## PROVIDED ENTRIES
• • • • • • •

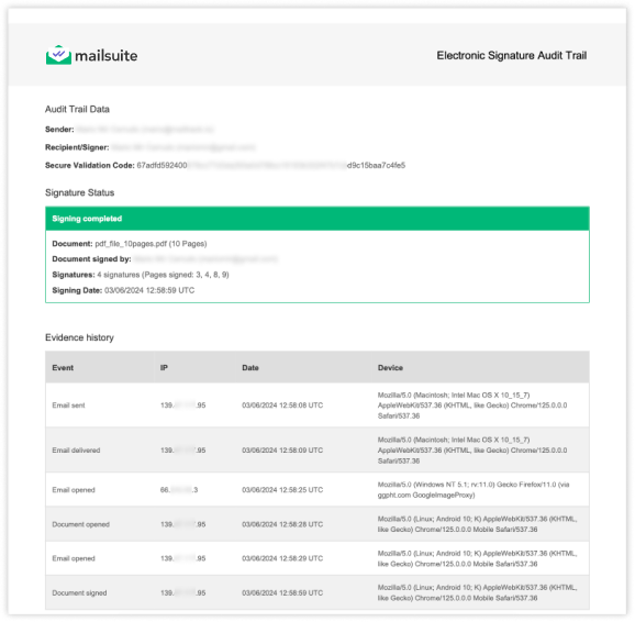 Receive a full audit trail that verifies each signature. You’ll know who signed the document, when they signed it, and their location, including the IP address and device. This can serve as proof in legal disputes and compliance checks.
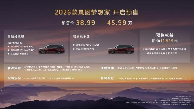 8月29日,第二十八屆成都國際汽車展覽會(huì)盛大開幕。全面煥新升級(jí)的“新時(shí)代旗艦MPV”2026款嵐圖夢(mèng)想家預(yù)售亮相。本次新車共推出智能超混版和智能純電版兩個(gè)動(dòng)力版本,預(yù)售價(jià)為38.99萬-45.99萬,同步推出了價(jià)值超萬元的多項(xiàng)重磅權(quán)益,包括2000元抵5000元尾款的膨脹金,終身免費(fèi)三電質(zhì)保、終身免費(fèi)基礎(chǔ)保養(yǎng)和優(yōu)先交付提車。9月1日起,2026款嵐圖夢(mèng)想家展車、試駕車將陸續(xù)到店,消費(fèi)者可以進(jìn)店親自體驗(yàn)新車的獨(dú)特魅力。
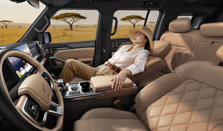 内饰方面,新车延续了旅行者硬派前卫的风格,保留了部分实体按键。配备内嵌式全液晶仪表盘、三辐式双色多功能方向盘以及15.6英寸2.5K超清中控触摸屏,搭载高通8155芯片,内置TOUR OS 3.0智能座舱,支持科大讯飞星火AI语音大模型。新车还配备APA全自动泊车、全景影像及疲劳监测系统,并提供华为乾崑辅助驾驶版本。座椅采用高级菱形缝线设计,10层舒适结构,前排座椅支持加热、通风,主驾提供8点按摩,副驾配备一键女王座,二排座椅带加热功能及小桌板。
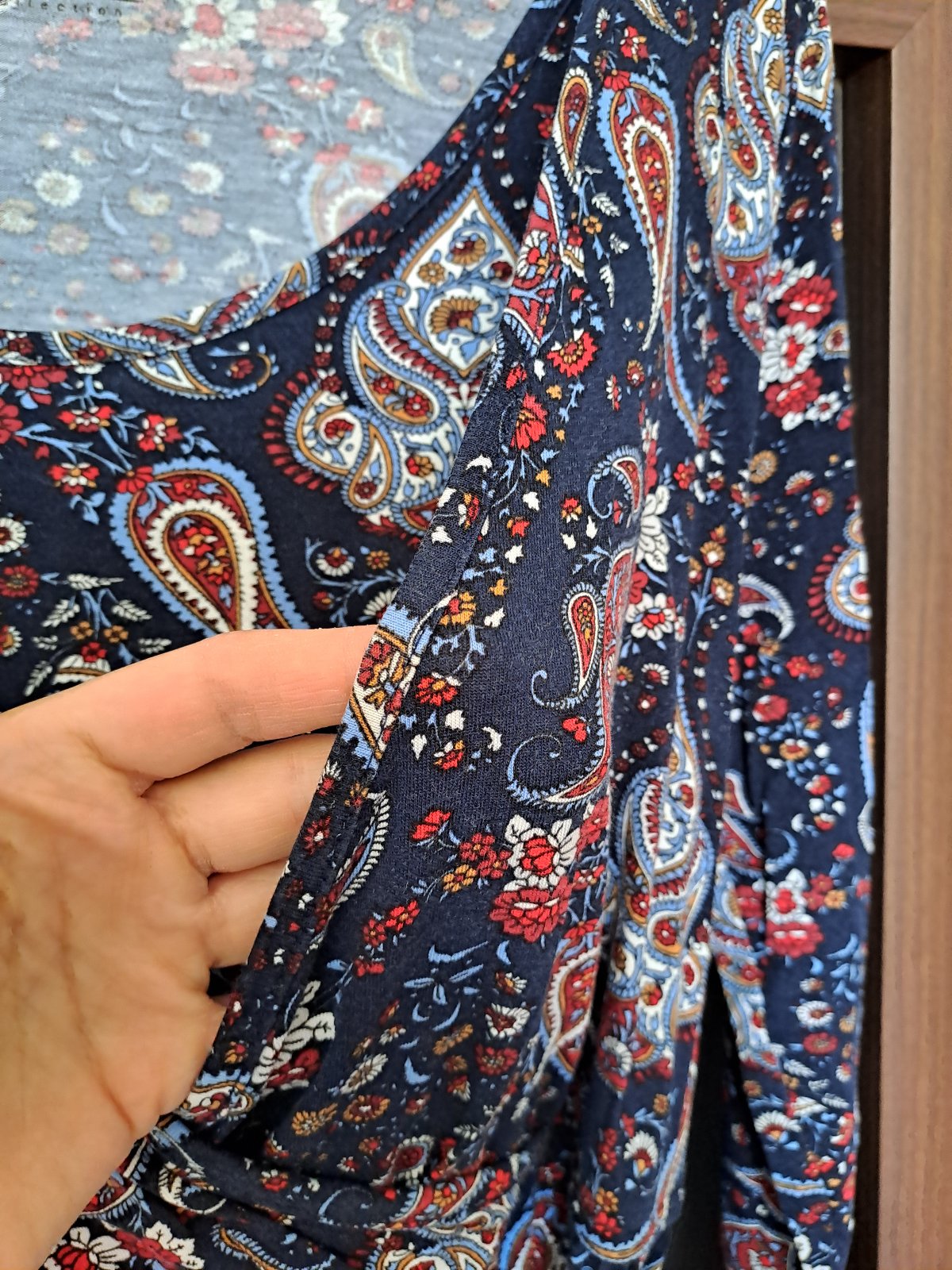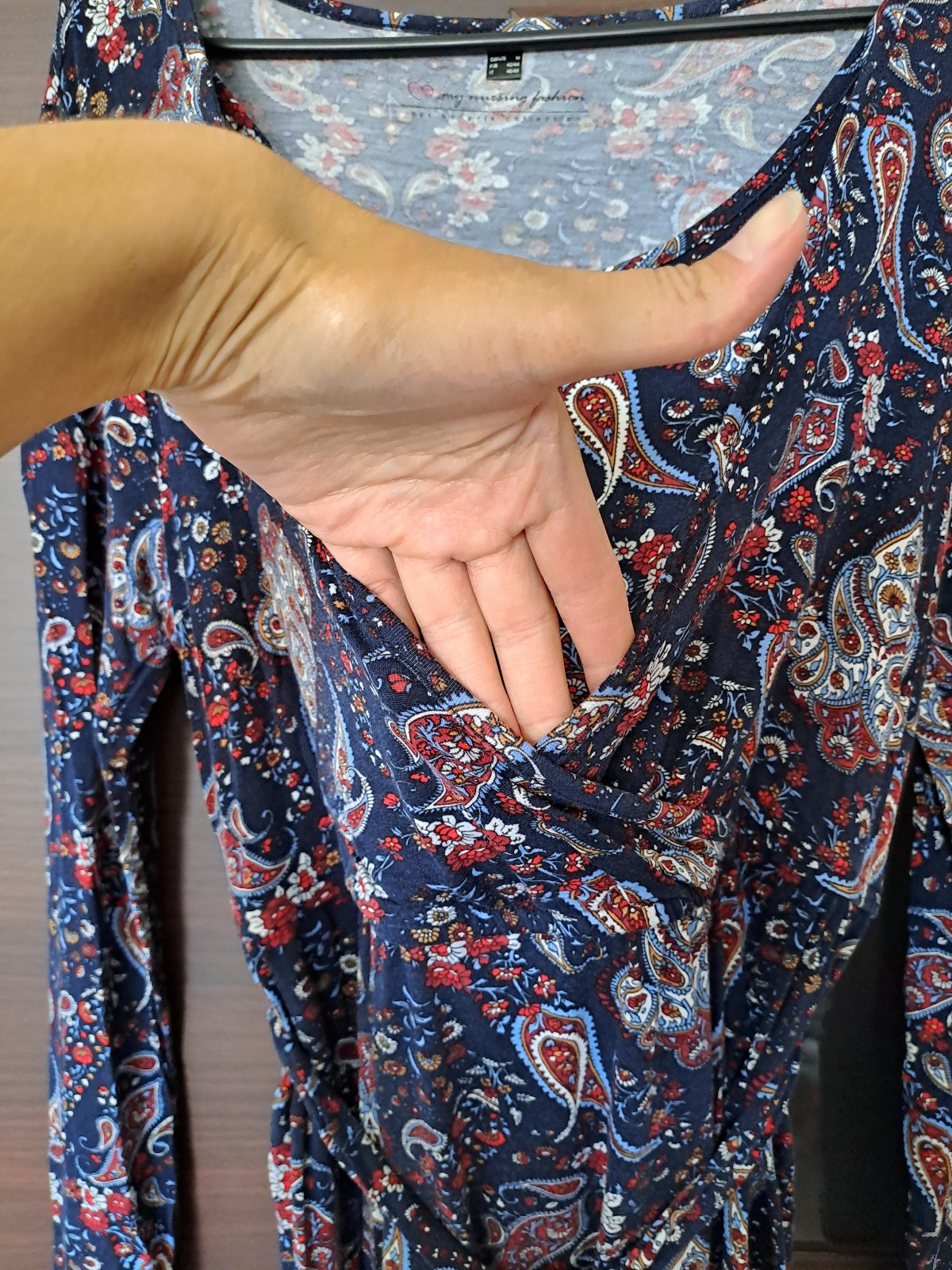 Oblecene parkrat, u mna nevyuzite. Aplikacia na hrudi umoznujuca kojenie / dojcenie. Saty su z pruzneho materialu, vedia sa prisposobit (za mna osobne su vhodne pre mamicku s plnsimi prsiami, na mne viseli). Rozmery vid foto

• • • • • • •

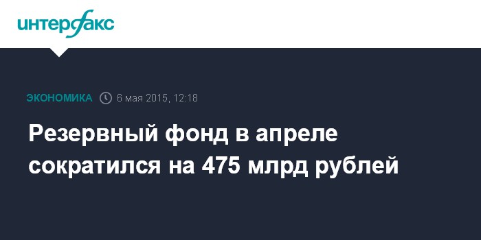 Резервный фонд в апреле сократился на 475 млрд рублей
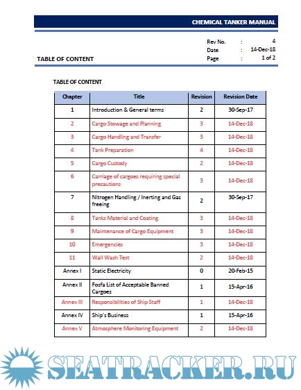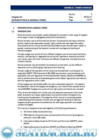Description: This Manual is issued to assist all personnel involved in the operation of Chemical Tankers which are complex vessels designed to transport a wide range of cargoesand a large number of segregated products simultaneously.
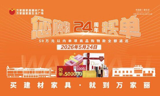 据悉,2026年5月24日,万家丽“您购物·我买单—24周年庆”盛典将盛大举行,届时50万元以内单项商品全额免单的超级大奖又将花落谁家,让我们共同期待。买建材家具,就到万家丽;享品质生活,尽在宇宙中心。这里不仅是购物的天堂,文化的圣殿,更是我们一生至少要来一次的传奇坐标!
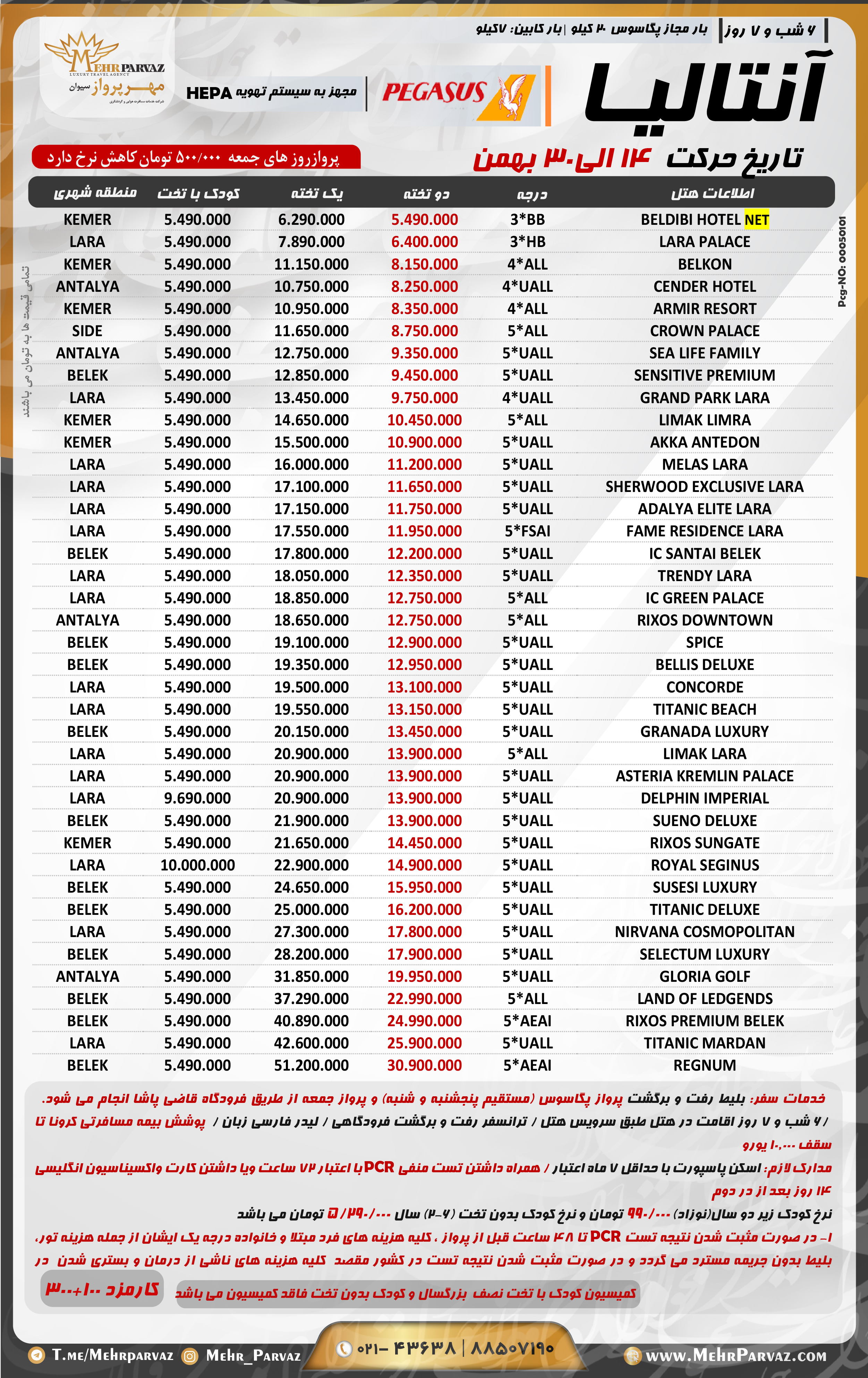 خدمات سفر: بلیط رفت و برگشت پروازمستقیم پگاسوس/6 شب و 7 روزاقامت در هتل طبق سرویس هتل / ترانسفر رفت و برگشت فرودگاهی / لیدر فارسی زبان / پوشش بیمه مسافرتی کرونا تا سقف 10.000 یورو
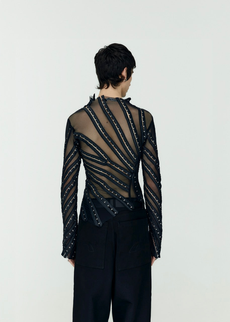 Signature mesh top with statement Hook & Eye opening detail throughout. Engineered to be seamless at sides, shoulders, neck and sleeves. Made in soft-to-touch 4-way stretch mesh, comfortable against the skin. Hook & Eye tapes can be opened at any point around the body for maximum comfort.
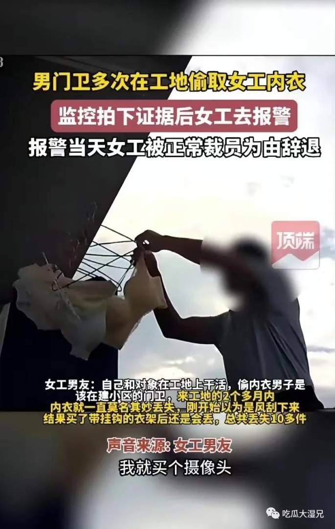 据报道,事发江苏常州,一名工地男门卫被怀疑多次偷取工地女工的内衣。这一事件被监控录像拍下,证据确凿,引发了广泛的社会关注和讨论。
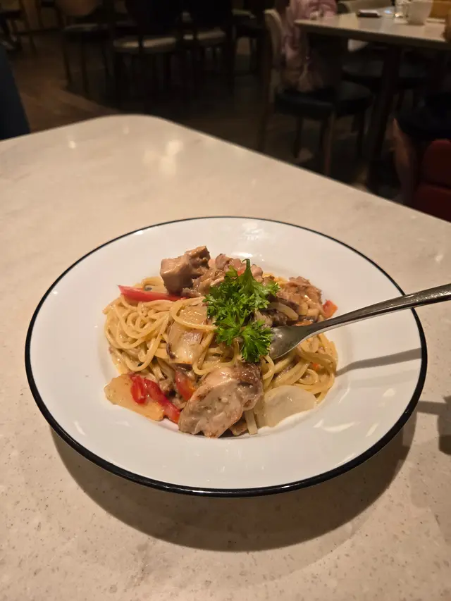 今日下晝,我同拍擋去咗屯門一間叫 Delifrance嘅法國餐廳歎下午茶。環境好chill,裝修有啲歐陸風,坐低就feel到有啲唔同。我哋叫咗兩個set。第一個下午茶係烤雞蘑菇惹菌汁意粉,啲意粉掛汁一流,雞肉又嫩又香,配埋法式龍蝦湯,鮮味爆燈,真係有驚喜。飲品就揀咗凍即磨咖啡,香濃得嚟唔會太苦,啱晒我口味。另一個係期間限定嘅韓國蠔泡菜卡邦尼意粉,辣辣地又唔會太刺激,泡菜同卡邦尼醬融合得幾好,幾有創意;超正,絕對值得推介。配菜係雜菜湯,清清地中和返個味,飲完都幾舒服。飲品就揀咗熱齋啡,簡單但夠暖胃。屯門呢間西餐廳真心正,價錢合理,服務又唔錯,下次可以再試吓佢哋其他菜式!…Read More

• • • • • • •

## EXERCISE
Lines wanted from the entries above: the one with "8月29日,第二十八屆成都國", the one with "Oblecene parkrat, u", and all lines between. Please copy them exactly, without the pictures and without anything else.

## ANSWER AREA
 8月29日,第二十八屆成都國際汽車展覽會(huì)盛大開幕。全面煥新升級(jí)的“新時(shí)代旗艦MPV”2026款嵐圖夢(mèng)想家預(yù)售亮相。本次新車共推出智能超混版和智能純電版兩個(gè)動(dòng)力版本,預(yù)售價(jià)為38.99萬-45.99萬,同步推出了價(jià)值超萬元的多項(xiàng)重磅權(quán)益,包括2000元抵5000元尾款的膨脹金,終身免費(fèi)三電質(zhì)保、終身免費(fèi)基礎(chǔ)保養(yǎng)和優(yōu)先交付提車。9月1日起,2026款嵐圖夢(mèng)想家展車、試駕車將陸續(xù)到店,消費(fèi)者可以進(jìn)店親自體驗(yàn)新車的獨(dú)特魅力。
 内饰方面,新车延续了旅行者硬派前卫的风格,保留了部分实体按键。配备内嵌式全液晶仪表盘、三辐式双色多功能方向盘以及15.6英寸2.5K超清中控触摸屏,搭载高通8155芯片,内置TOUR OS 3.0智能座舱,支持科大讯飞星火AI语音大模型。新车还配备APA全自动泊车、全景影像及疲劳监测系统,并提供华为乾崑辅助驾驶版本。座椅采用高级菱形缝线设计,10层舒适结构,前排座椅支持加热、通风,主驾提供8点按摩,副驾配备一键女王座,二排座椅带加热功能及小桌板。
 Oblecene parkrat, u mna nevyuzite. Aplikacia na hrudi umoznujuca kojenie / dojcenie. Saty su z pruzneho materialu, vedia sa prisposobit (za mna osobne su vhodne pre mamicku s plnsimi prsiami, na mne viseli). Rozmery vid foto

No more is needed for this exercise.